WARNING: kinda senti mode here! :)

when i woke up this morning, i saw my tita packing our things.. well yeah.. we're moving out! BUT not too far.. cause we're probably just moving from one unit to the other.. the same building! weird! :)

anyway, i saw some pictures from the past (naxx..so dramatic ang dating.. trust me.. its not how it sounds like, you know mushiness...haha). saw some pictures of me and lala. we used to be really close. as in like sisters.. did all the stuff together.. kept no secrets from each other.. helped one another.. damayan talaga through gimiks and badtrips.. i guess i kinda miss her.. our moments together..

so our friendship started in a weird way.. my so-called boyfriend at that time liked her and all and i thought that she was flirting with him and the story goes on.. but i guess even if it started the craziest way, we had that bond.. naging super close kami to the extent na kung di kami napagkakamalang magkapatid or 'kambal' e napagkakamalang "kami" (haha! funny sobra! lesbians? haha).. i have so much memories of our "good times" together..

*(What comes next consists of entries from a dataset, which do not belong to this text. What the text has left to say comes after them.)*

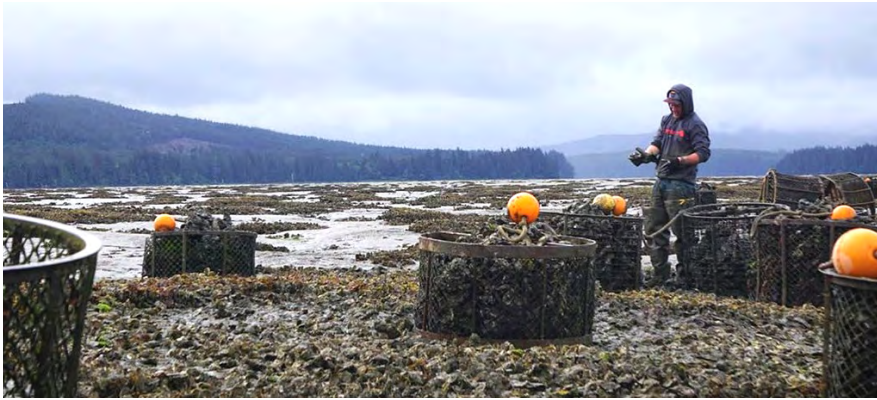
Fig 6 -- Taylor Shellfish owns and farms more than 15,000 acres of tidelands in Washington state and north to British Columbia, Canada. Taylor produces nearly 90% of the shellfish 'seedlings' used by the North American aquaculture industry.

Taylor Shellfish worked with Food Facility Engineering and PSM Engineers to scale their prototype operation up to an 11,000-square-foot facility. Once completed in the spring of 2020, Taylor plans to immediately double the size of the facility by building an identical structure directly adjacent to the current project. The combined 22,000 square feet of innovative new wet processing will enable the firm to clean and ship more than 270,000 pounds of fresh shellfish per week.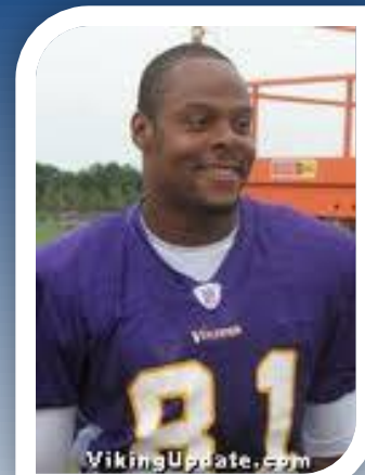
Visanthe Shiancoe NFL Player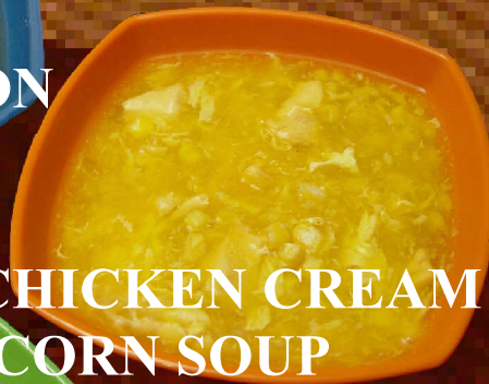
CHICKEN CREAM CORN SOUP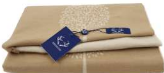
SCA-TREELIFE-LIGHTBEIGE LIGHT BEIGE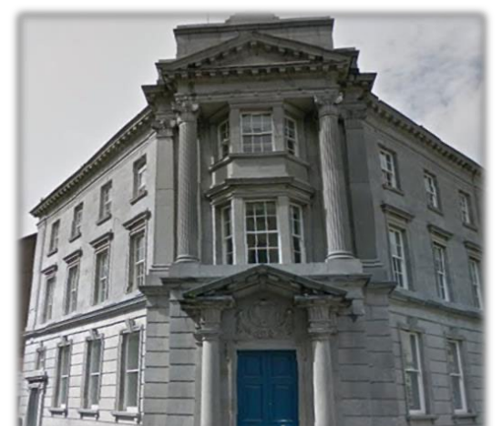
Figure 4: Southern Regional Assembly based in Waterford.

SRA Mission: To be the leader of regional development through effective, sustainable spatial planning and the delivery of EU Programmes, with the support of our stakeholders.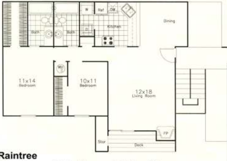
Raintree 2 Bedroom / 2 Bath Approx. 980 Sq. Ft.

Picadilly Square 1926 S. 9th Waco, Texas 76706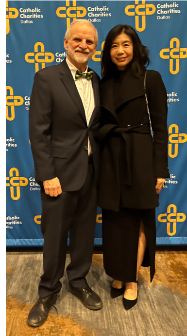
January 25th - Catholic Charities Dallas 27th Annual Bishop's Gala

we celebrated holidays together (name it: christmas, new year, holy week.. as in halos lahat!) since we're both only child and our parents weren't around much.. we lived together, we relied on each other on almost everything, she knew me more than anyone else knew me (as in talo nya magulang ko!) and vice versa. there was once pa nga this incident wherein i got really pissed off with my boyfriend so i threw the ring he gave me. lala knew that i will regret that.. and ofcourse i did.. when i was all senti and telling her about how stupid i thought i was.. she handed me the ring i threw away.. she kept the ring when she found it knowing that i would want it back someday.. thats how much she knew me.. para bang she knows how i would feel about any situation more than me. there are a lot more stories i can tell but id rather not.. it will just make me feel really bad.. i really thought we would remain friends forever though..

well, i guess people change.. people get fed up.. ofcourse our friendship wasnt all that happy.. we had our differences - we were actually different in most ways. i guess sometimes, your friend chooses the path you dont agree with because of fear that it will not do her any good.. but who are you to say right? yep! she got into something i really didnt like. i tried to talk her out of it but she wouldnt stop. i guess i just slipped away from her. my mom and tita told me that i didnt do everything i could have done. they told me i was actually a bad friend for leaving her that time. but i swear i did everything i could. and i am sure i was never a bad friend. she was kinda lost when we first became friends. and i was by her side, never leaving her for all those crazy times. but this time, it was just too much for me to take. its unfair how some people would think im selfish and that i was a bad friend. but atleast my friends understand why i had to do what i did. they say i made the right decision. i guess it really would depend on how you see it...

my point? i suppose there is really no point.. i was just reminicing.. the good times and the bad.. i guess its true what they say.. friends come and friends go.. atleast each friendship gives us some lessons and ofcourse leaves us with memories we can recall...

Thursday, June 15, 2006

the routine

i know.. i havent been updating my blog for who knows how long! this just means that my life is dull.. my life is boring.. and im a lazy person who doesnt want to do anything interesting.. there is really nothing to tell about me right now.. oh well!

i have a routine.. the usual routine for boring people (no offense to others who have the same routine though.. hehe) - wake up, work, sleep. its a cycle! a crazy cycle i must say.. but you know the weird part about it? im really fine with it. i dont feel like im missing out on stuff.. i dunno.. maybe im just getting old? yikes... scary thought! *erase*


i hope one of these days, something exciting comes my way.. i need to live life! i cant believe im too lazy to have fun.. me? lazy to have fun? hmm.. maybe its just a phase.. i guess i just need some rest to charge.. and when im all energized, i guess ill rule again! hahaha! whatev!